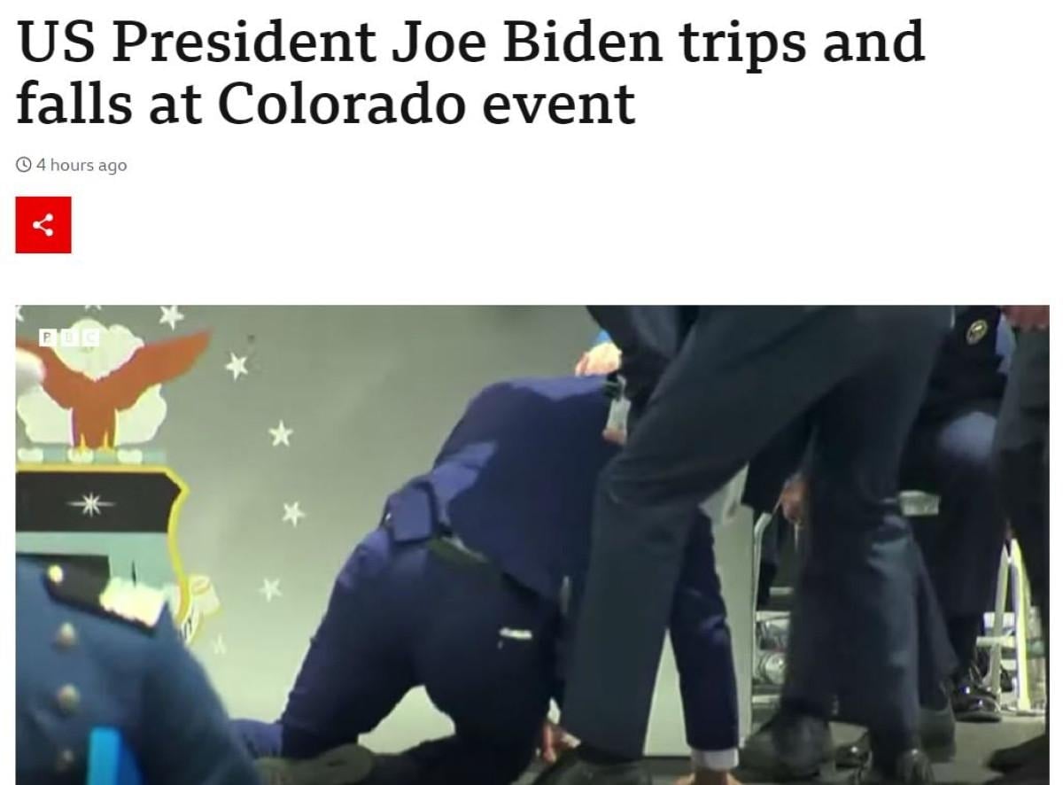 "ABD Başkanı Joe Biden, Colorado etkinliğinde takılıp düştü" diyen BBC, ilgili görüntüleri paylaştı.
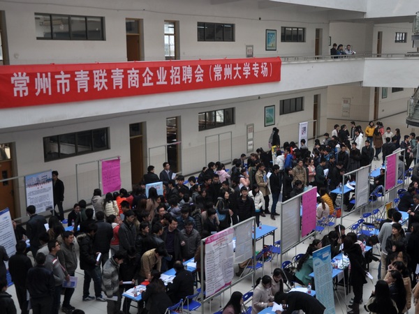 3月16日上午,我校在武进校区教学辅楼举办了常州市青联青商企业常州大学专场招聘会。此次招聘会是常州市青联青商企业首次以组团的形式来高校招聘毕业生,吸引了常州地区39家企业,提供岗位近200个。江苏上上电缆集团有限公司、江苏新科软件有限公司、常州卡米文化传播有限公司等单位纷纷来我校招贤纳才,千余名毕业生前来应聘。
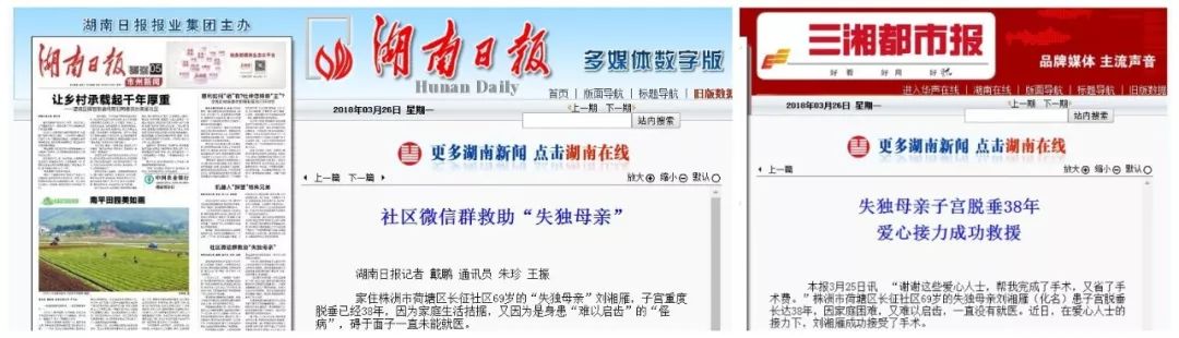 2018年3月23日,株洲新興醫(yī)院免費(fèi)為子宮重度脫垂且患有多重病癥的69歲貧困失獨(dú)母親劉湘雁(化名)老人實(shí)施陰式子宮全切術(shù),解決了困擾了她38年之久的"煩惱“。湖南日報、三湘都市報等主流媒體對此次公益事件進(jìn)行了重點(diǎn)報道。
######
▶ **YOUR ASSIGNMENT**
Each line above should be returned exactly as it stands, minus any pictures.

▶ **RESPONSE TO THIS EXERCISE**
 "ABD Başkanı Joe Biden, Colorado etkinliğinde takılıp düştü" diyen BBC, ilgili görüntüleri paylaştı.
 3月16日上午,我校在武进校区教学辅楼举办了常州市青联青商企业常州大学专场招聘会。此次招聘会是常州市青联青商企业首次以组团的形式来高校招聘毕业生,吸引了常州地区39家企业,提供岗位近200个。江苏上上电缆集团有限公司、江苏新科软件有限公司、常州卡米文化传播有限公司等单位纷纷来我校招贤纳才,千余名毕业生前来应聘。
 2018年3月23日,株洲新興醫(yī)院免費(fèi)為子宮重度脫垂且患有多重病癥的69歲貧困失獨(dú)母親劉湘雁(化名)老人實(shí)施陰式子宮全切術(shù),解決了困擾了她38年之久的"煩惱“。湖南日報、三湘都市報等主流媒體對此次公益事件進(jìn)行了重點(diǎn)報道。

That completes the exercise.